Before using code patterns, verify installed versions match. If versions differ:

CLI: <tool> --version then <tool> --help to confirm flags

Two behaviors are version-dependent and load-bearing: Flye --genome-size became optional (auto-estimated) and --scaffold flipped OFF by default in recent releases - confirm against the installed Flye. Shasta --config names are dated and chemistry-specific (e.g. Nanopore-R10-Fast-Nov2022) - list with shasta --command listConfigurations rather than hard-coding one. Canu read-type flag spellings and correctedErrorRate defaults changed across major versions. If a command errors, introspect the installed tool and adapt rather than retrying.
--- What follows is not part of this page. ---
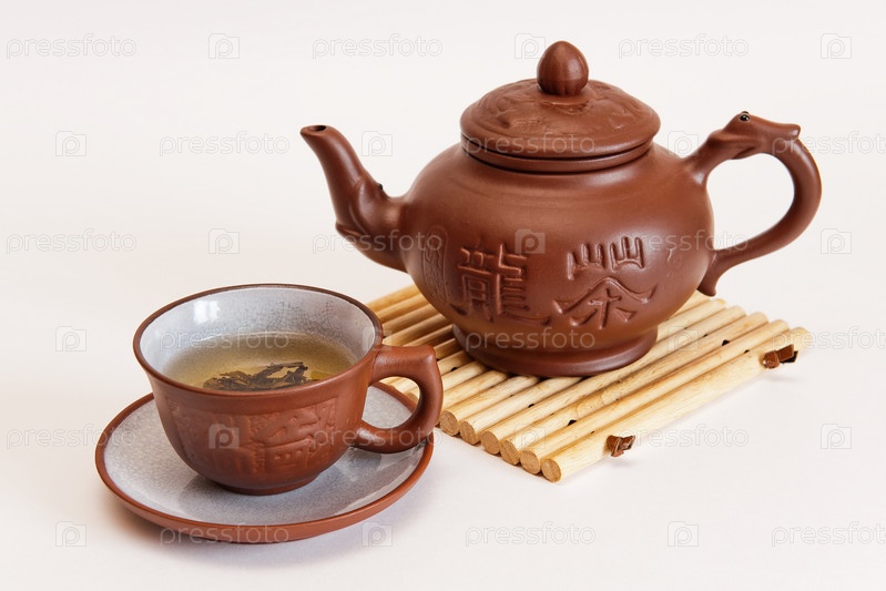 Китайский чайник и чашка с зеленым чаем

Long-Read Assembly (Noisy Reads)

"Assemble a genome from Nanopore/PacBio-CLR long reads" -> Build a contiguous de novo assembly whose input mode matches the basecaller error regime, then hand off to polishing because the raw consensus is contiguous but not yet accurate.

CLI: flye --nano-hq reads.fq.gz --out-dir out -t 16 (modern ONT R10/Dorado), canu -p asm -d out genomeSize=4.6m -nanopore reads.fq.gz (thorough), wtdbg2 -x ont -g 4.6m -i reads.fq.gz -fo asm && wtpoa-cns -i asm.ctg.lay.gz -fo asm.fa (fast draft)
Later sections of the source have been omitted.